Collected data entries:

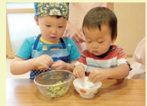
ホットケーキミックスに夏野菜や桜えびを入れて、アイデアたくさんのパンケーキができました♪
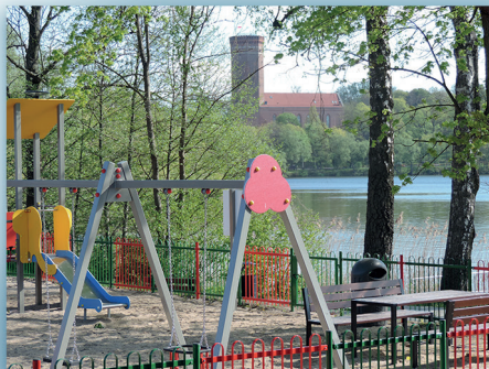
Plac zabaw i promenada

Mowa tu o projekcie pod nazwą „Utworzenie transportowych węzłów integrujących wraz ze ścieżkami pieszo-rowerowymi i rozwojem sieci publicznego transportu zbiorowego na terenie Chojnicko-Człuchowskiego Miejskiego Obszaru Funkcjonalnego” , w ramach którego uzupełnione zostały brakujące fragmenty drogi gminnej - odcinek łączący ul. Zamkową poprzez ul. Garbarską, Jacka i Agatki, Łąkową z ul. Szczecińską. Wybudowano także nowe ścieżki pieszo-rowerowe umożliwiające dotarcie do dworca kolejowego. Drugi projekt to „Rewitalizacja Śródmieścia w Człuchowie” , dzięki któremu zagospodarowano całą przestrzeń promenady. Powstał taras widokowy, drewniane altanki, siłownia plenerowa i plac zabaw. Część drogowa dotyczyła wymiany nawierzchni drogi dojazdowej, budowę kanalizacji deszczowej i oświetlenia.
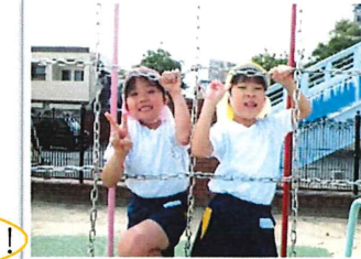
上まで登れるようになったよ!
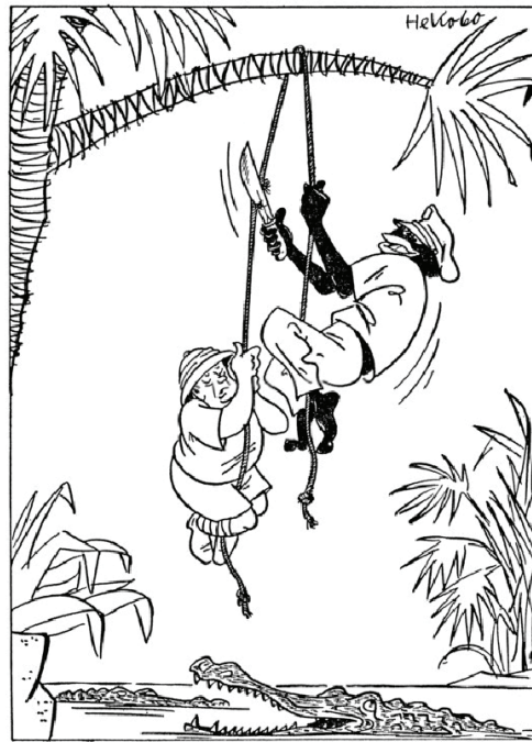
FREIHEIT AM KONGO
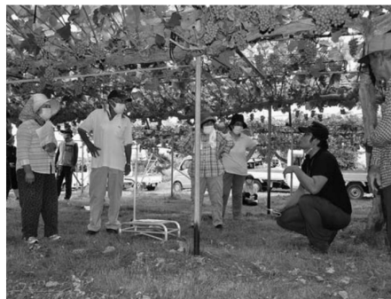
▲資料を見ながら栽培管理について確認する生産者

北村山農業技術普及課の小口普及指導員が講師となり、収穫前管理として摘房・摘粒や笠かけ、かん水について、等級アップを狙いポイントを説明し実演。参加した生産者は大粒生産と良品出荷に向けて、今後の栽培管理について確認しました。
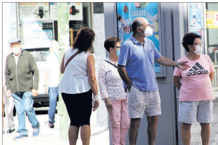
La mascarilla debe cubrir desde parte del tabique nasal hasta la barbilla incluida.

Además, se acuerda la obligación de aislamiento o cuarentena de personas con sintomatología compatible con infección por SARS-CoV-2, la prohibición del
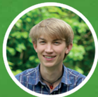
Till Zeyn Geographie
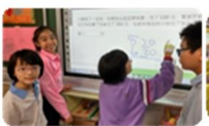
互動式電子白板劃記閱讀重點
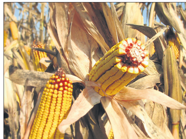
Nekateri izmed koruznih hibridov, ki so jih vzgojili v podjetju Pioneer, so bili na Klemenčičevih njivah vzgojeni prvič in bodo v prodaji šele čez dve ali tri leta.
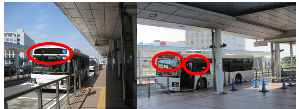
バスの行先表示をご確認下さい 複数の行き先のバスが来ます

バスのフロントガラス左上に「コスモスクエア駅～インテックス大阪」また、乗車口に「FOOD STYLE Kansai 2025」、「ラーメン産業展 in Kansai」の案内が掲示されておりますので、ご確認の上、ご乗車ください。
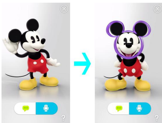
ハローミッキーライブ壁紙

#### [Work item]
The pictures should be dropped, and every line above should be set down again exactly.

#### [Solution]
ホットケーキミックスに夏野菜や桜えびを入れて、アイデアたくさんのパンケーキができました♪
Plac zabaw i promenada

Mowa tu o projekcie pod nazwą „Utworzenie transportowych węzłów integrujących wraz ze ścieżkami pieszo-rowerowymi i rozwojem sieci publicznego transportu zbiorowego na terenie Chojnicko-Człuchowskiego Miejskiego Obszaru Funkcjonalnego” , w ramach którego uzupełnione zostały brakujące fragmenty drogi gminnej - odcinek łączący ul. Zamkową poprzez ul. Garbarską, Jacka i Agatki, Łąkową z ul. Szczecińską. Wybudowano także nowe ścieżki pieszo-rowerowe umożliwiające dotarcie do dworca kolejowego. Drugi projekt to „Rewitalizacja Śródmieścia w Człuchowie” , dzięki któremu zagospodarowano całą przestrzeń promenady. Powstał taras widokowy, drewniane altanki, siłownia plenerowa i plac zabaw. Część drogowa dotyczyła wymiany nawierzchni drogi dojazdowej, budowę kanalizacji deszczowej i oświetlenia.
上まで登れるようになったよ!
FREIHEIT AM KONGO
▲資料を見ながら栽培管理について確認する生産者

北村山農業技術普及課の小口普及指導員が講師となり、収穫前管理として摘房・摘粒や笠かけ、かん水について、等級アップを狙いポイントを説明し実演。参加した生産者は大粒生産と良品出荷に向けて、今後の栽培管理について確認しました。
La mascarilla debe cubrir desde parte del tabique nasal hasta la barbilla incluida.

Además, se acuerda la obligación de aislamiento o cuarentena de personas con sintomatología compatible con infección por SARS-CoV-2, la prohibición del
Till Zeyn Geographie
互動式電子白板劃記閱讀重點
Nekateri izmed koruznih hibridov, ki so jih vzgojili v podjetju Pioneer, so bili na Klemenčičevih njivah vzgojeni prvič in bodo v prodaji šele čez dve ali tri leta.
バスの行先表示をご確認下さい 複数の行き先のバスが来ます

バスのフロントガラス左上に「コスモスクエア駅～インテックス大阪」また、乗車口に「FOOD STYLE Kansai 2025」、「ラーメン産業展 in Kansai」の案内が掲示されておりますので、ご確認の上、ご乗車ください。
ハローミッキーライブ壁紙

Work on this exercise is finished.